Thesis: Done
Well, after 23 slides, 80+ pages, and hundreds (thousands?) of lines of code, my thesis is complete! The presentation went well and the discussion brought up a number of ideas on where I could go from here.
The thesis is entitled "Games as Design Environments," and looks at data visualization and gamelike interaction methods as possible templates for the future of digital design environments. I'm a bit exhausted on the topic and so won't go into detail today, but if you're curious I've put the research document in my issuu account for your easy perusal:
Watch this space for future posts where I walk through the presentation in detail.
aFloat @ MIT+150 is done!
Well, after a solid week of work, piles of LEDs, acrylic and 3d prints, and a half mile of wire, our installation went up! This project was an interactive light and sound installation that was designed to complement one of my favorite buildings in Boston - the MIT chapel by Saarinen. The project involved a grid of 150 LEDs with linkages connecting them in an interactive network. Sensors embedded in the grid sense movement and create responsive light and sound effects. Our team included Otto Ng from MIT, and Senya Zeitsev and Dena Molnar from my program at MIT. The project grew out of a final project for our Augmented Architecture class last semester. Thank you to the dozens of people that helped with this project, and also to George for the fantastic photos! Apparently we had over 2,000 visitors on a single night!

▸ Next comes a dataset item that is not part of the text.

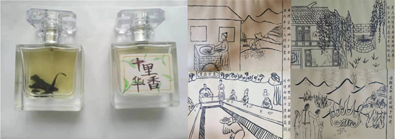 与此同时,365英国上市集团官网精细化工的团队成员杨青颖收到十里香茶叶、茶果之后,开始进行实验以制作茶叶香水样品。利用华理专业的知识技术、设备,我们团队成功提取出茶叶香水样品。365英国上市集团官网化学学院拥有开设“化学与艺术”课程的背景,我们团队看到了历史悠久的十里香背后的文化故事,与上海老艺术家罗希贤老师合作,化学学院的张峻武同学绘制了十幅连环画以作为十里香茶香水的文创包装。
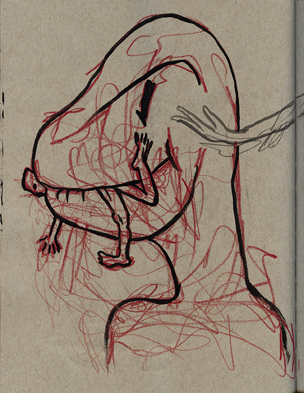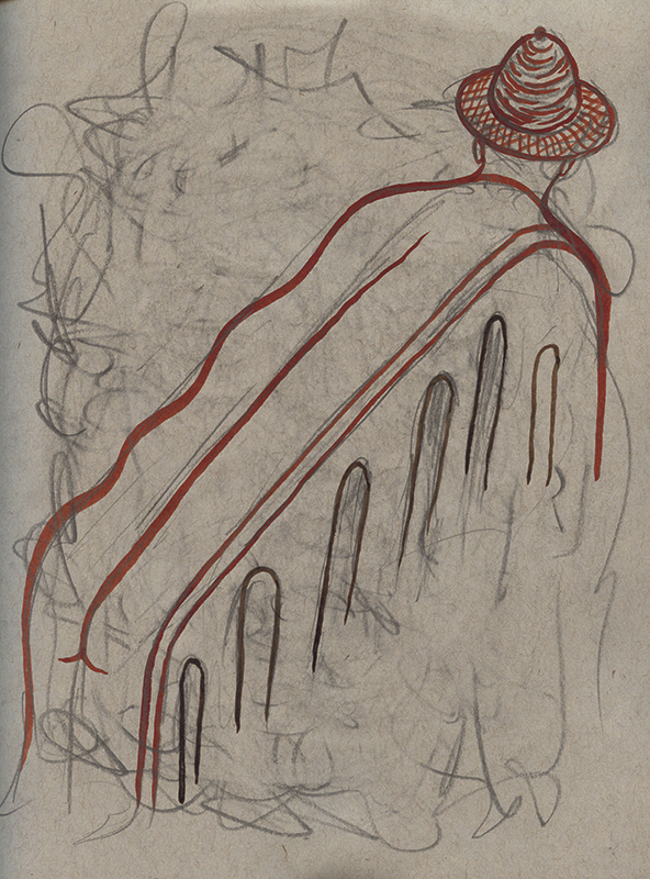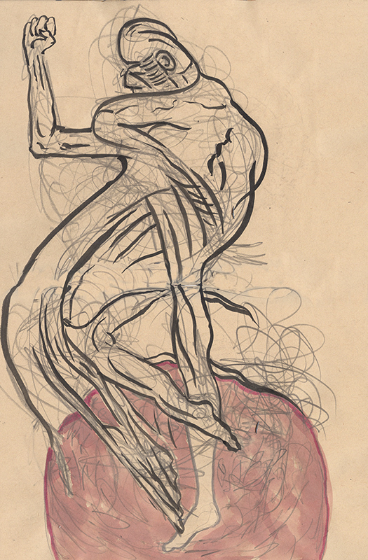 sustenance 11" x 8.5", red pencil and sumi ink on paper

Until I can get php 5 running on this server, You'll have to be ok with a single image and a link to the facebook gallery that may or may not be public... oh well.

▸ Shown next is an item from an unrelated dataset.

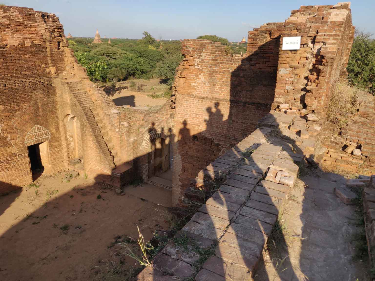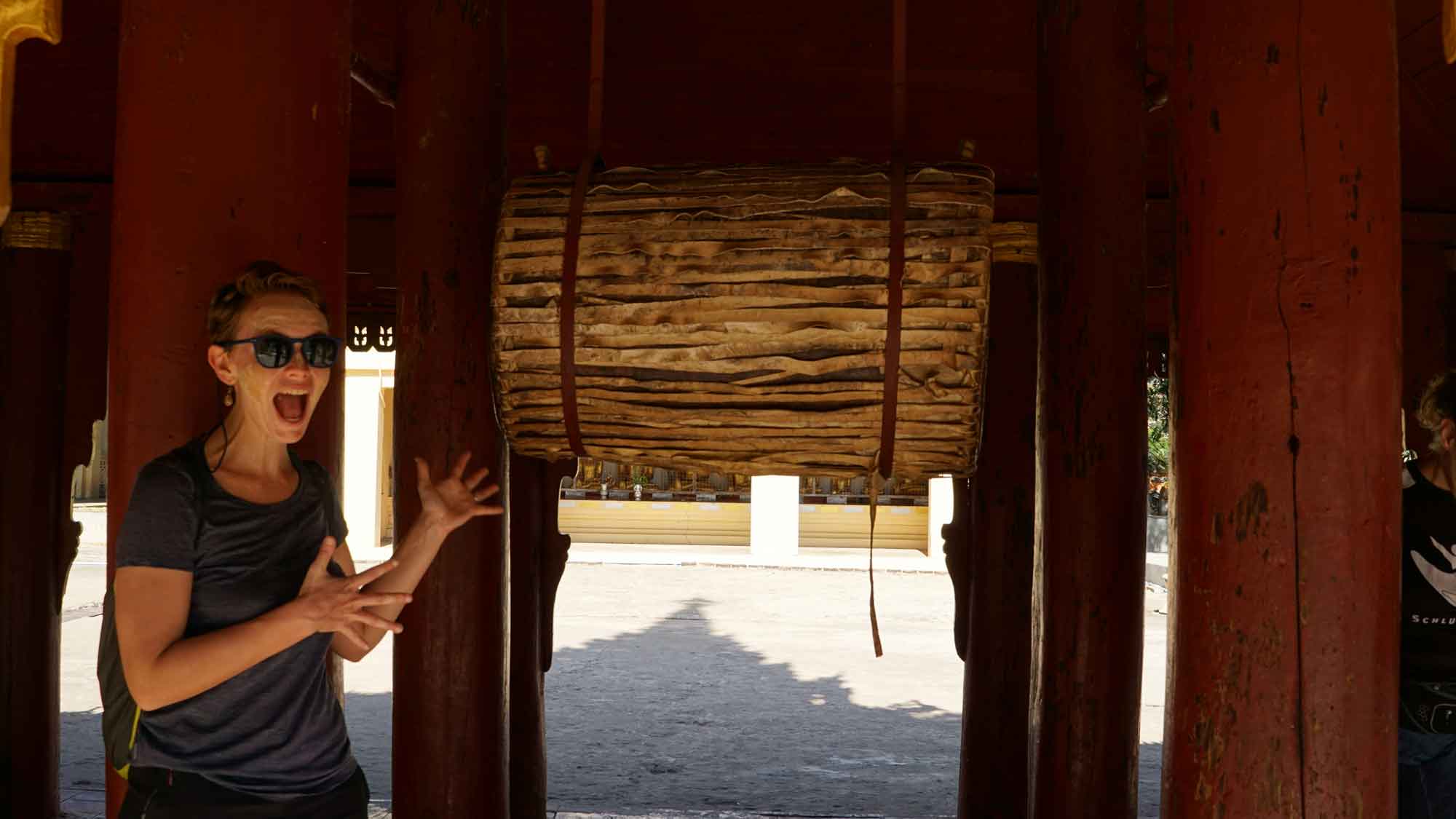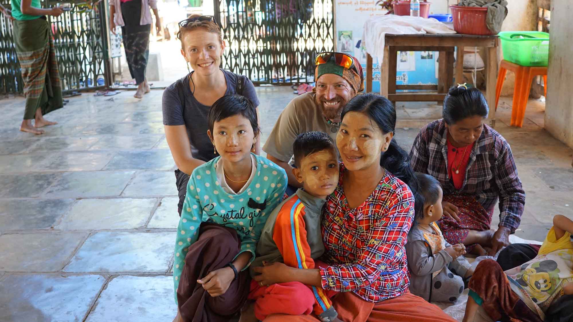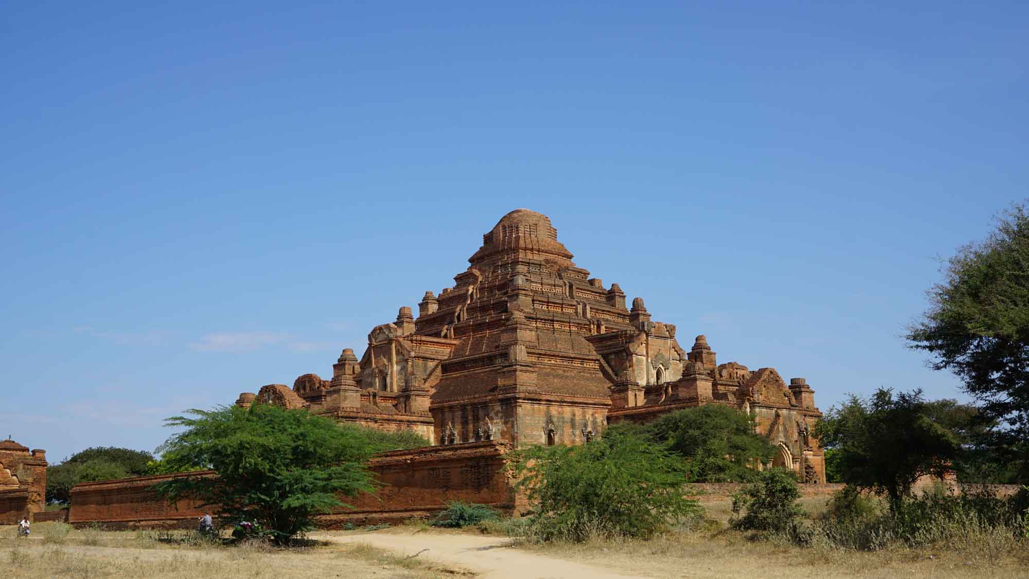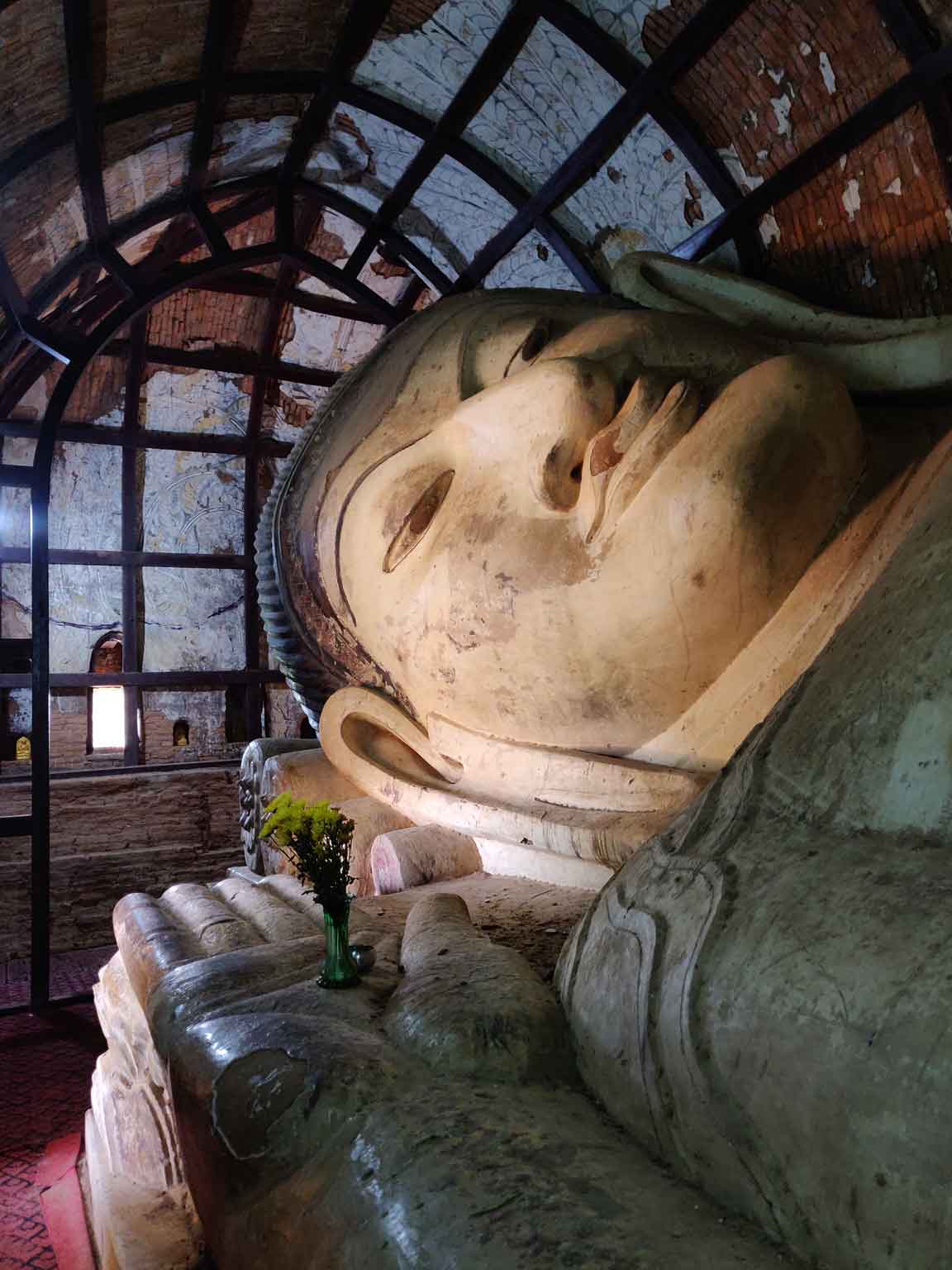 À 9h, Juan et Sara viennent nous chercher et on repart ensemble pour un marathon de temples : le Htilo Minlo et ses fresques murales antiques, le Shwe Gu Gyi qui offre un beau point de vue sur les temples au-dessus d’un océan de végétation ; puis le préféré de Camille pour la journée, la pagode Shwe San Daw, sorte d’immense pyramide entourée d’un petit jardin très mimi et surtout flanquée d’un deuxième bâtiment qui ne paye pas de mine de l’extérieur mais qui contient un « reclining buddha ». C’est un Bouddha couché : cette position représente la mort de Bouddha et le principe philosophique bouddhiste selon lequel tout a une fin (les experts du bouddhisme, dites-nous si on dit des bêtises). Celui-ci est immense, il fait dix-huit mètres de long !

CS171 Final Project – Treemapping Architectural Program Documents
It seems like all I do here is post Processing applets. Well, here's another one. This is the final project for my CS visualizations class, an attempt to use treemapping to explore architectural program documents. The full project presentation is here, which includes some background and discussion of the goals and implementation.
I started out thinking I was going to make an adjacency diagram tool, that used graph representation to explore the topology of an architectural program. This sort of idea has been explored fairly thoroughly by Aedas R&D as well as by a BVN Usyd team. However, after some research and test implementation I changed my approach to treemapping, which drops adjacency in favor of nested grouping. The reasons behind this were based not only on an interpretation of the data at hand, but also on the relationship between diagrams and built work in architecture and a desire to make something that was not formally suggestive.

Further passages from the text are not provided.